Exercise instructions | Print the listing below exactly, images excluded.

Information supplied |
####

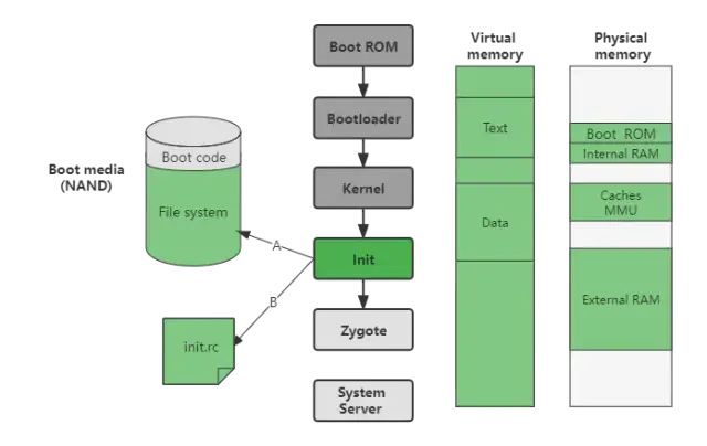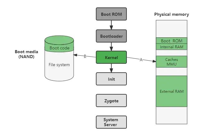 A. CPU刚上电时,CPU 处于未初始化状态,还没有设定内部时钟,此时只有内部 RAM 可用。当电源稳定后会开始执行 Boot ROM 代码。Boot ROM通过系统寄存器映射到 ASIC (Application Specific Integrated Circuit, 即专用集成电路,是指应特定用户要求和特定电子系统的需要而设计、制造的集成电路)中的物理区域来找到boot media,进而可以找到Bootloader
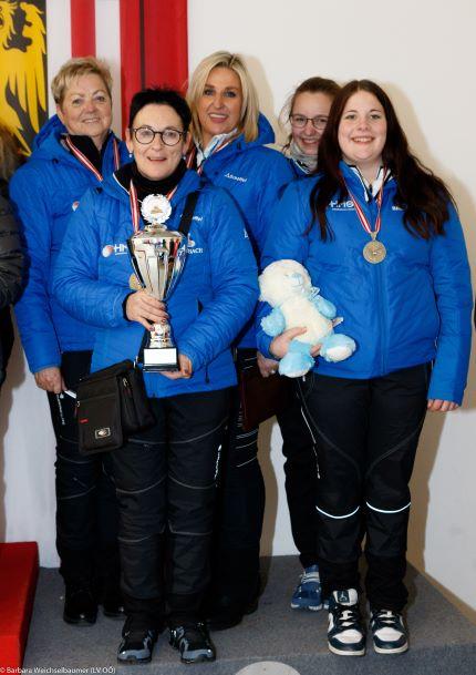 Nicht ganz überrascht aber trotzdem für viele unerwartet sicherten sich die Damen vom ESC Kleinboden mit Barbara Lang, Renate Lanthaler, Michaela Metzger und Johanna Schober den Titel in der Bundesliga West der Damen. Von Anfang an spielten die Zillertalerinnen im vorderen Feld mit. Gegen Ende des Turnieres setzten sie sich in den Medaillenrängen fest und fixierten zum Schluss mit 13 Punkten den Titel.
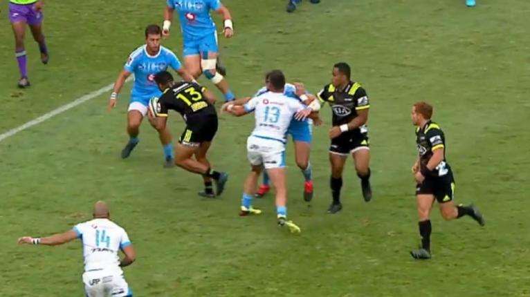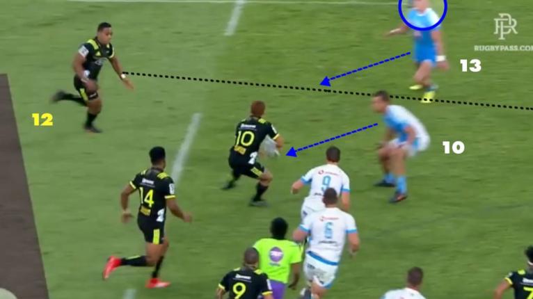 On this midfield scrum, Ihaia West does a successful job of getting outside the 9 and engaging Handre Pollard (10) into contact. The Bulls need to employ a slide defence to cover man-for-man all the Hurricanes players to that side. Pollard breaks ranks and engages with West – his original assignment is pushing out to cover Ngani Laumape (12).
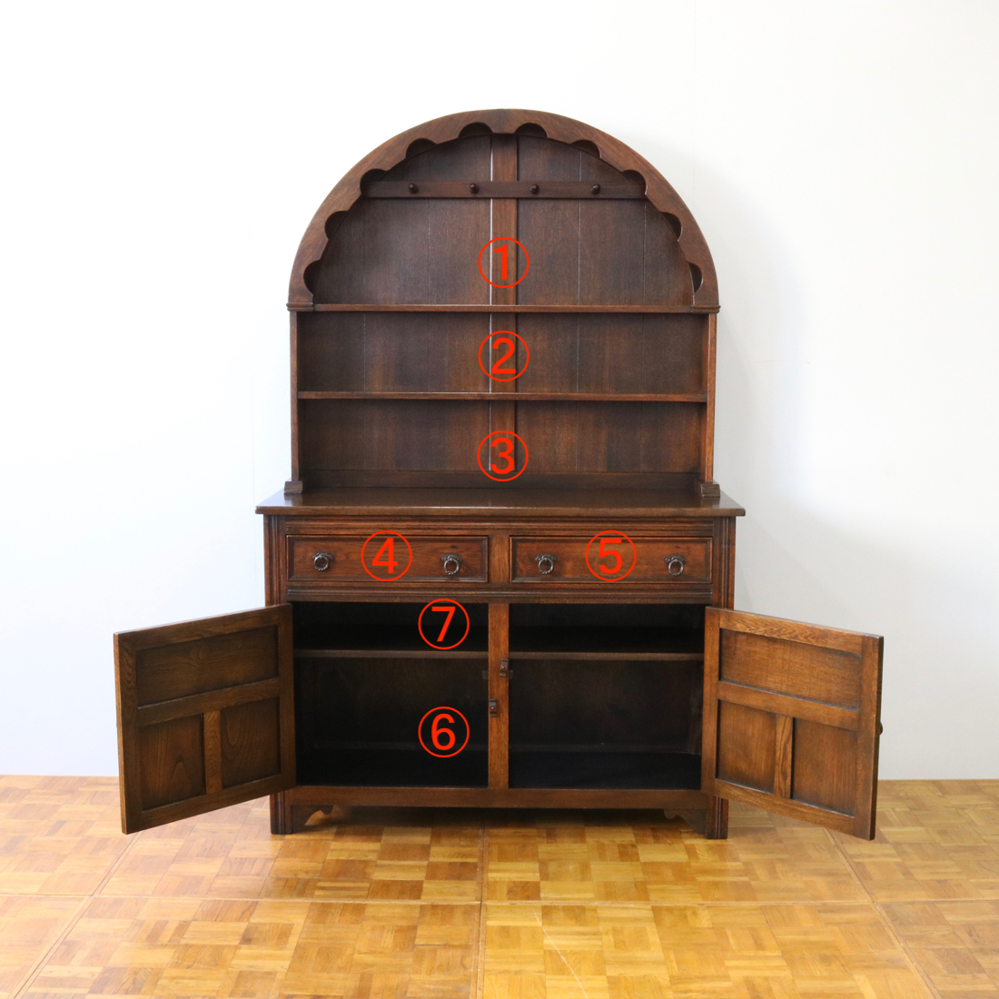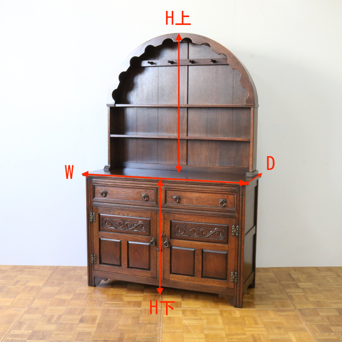 配送料の目安 ▶︎オーク材のウェルシュドレッサー。アーチ型のトップが可愛らしく飾るプレートなどの食器類が美しく見えます。下は引き出しと隠せる扉収納で実用性の高い仕様です。

####

Final answer |
 A. CPU刚上电时,CPU 处于未初始化状态,还没有设定内部时钟,此时只有内部 RAM 可用。当电源稳定后会开始执行 Boot ROM 代码。Boot ROM通过系统寄存器映射到 ASIC (Application Specific Integrated Circuit, 即专用集成电路,是指应特定用户要求和特定电子系统的需要而设计、制造的集成电路)中的物理区域来找到boot media,进而可以找到Bootloader
 Nicht ganz überrascht aber trotzdem für viele unerwartet sicherten sich die Damen vom ESC Kleinboden mit Barbara Lang, Renate Lanthaler, Michaela Metzger und Johanna Schober den Titel in der Bundesliga West der Damen. Von Anfang an spielten die Zillertalerinnen im vorderen Feld mit. Gegen Ende des Turnieres setzten sie sich in den Medaillenrängen fest und fixierten zum Schluss mit 13 Punkten den Titel.
 On this midfield scrum, Ihaia West does a successful job of getting outside the 9 and engaging Handre Pollard (10) into contact. The Bulls need to employ a slide defence to cover man-for-man all the Hurricanes players to that side. Pollard breaks ranks and engages with West – his original assignment is pushing out to cover Ngani Laumape (12).
 配送料の目安 ▶︎オーク材のウェルシュドレッサー。アーチ型のトップが可愛らしく飾るプレートなどの食器類が美しく見えます。下は引き出しと隠せる扉収納で実用性の高い仕様です。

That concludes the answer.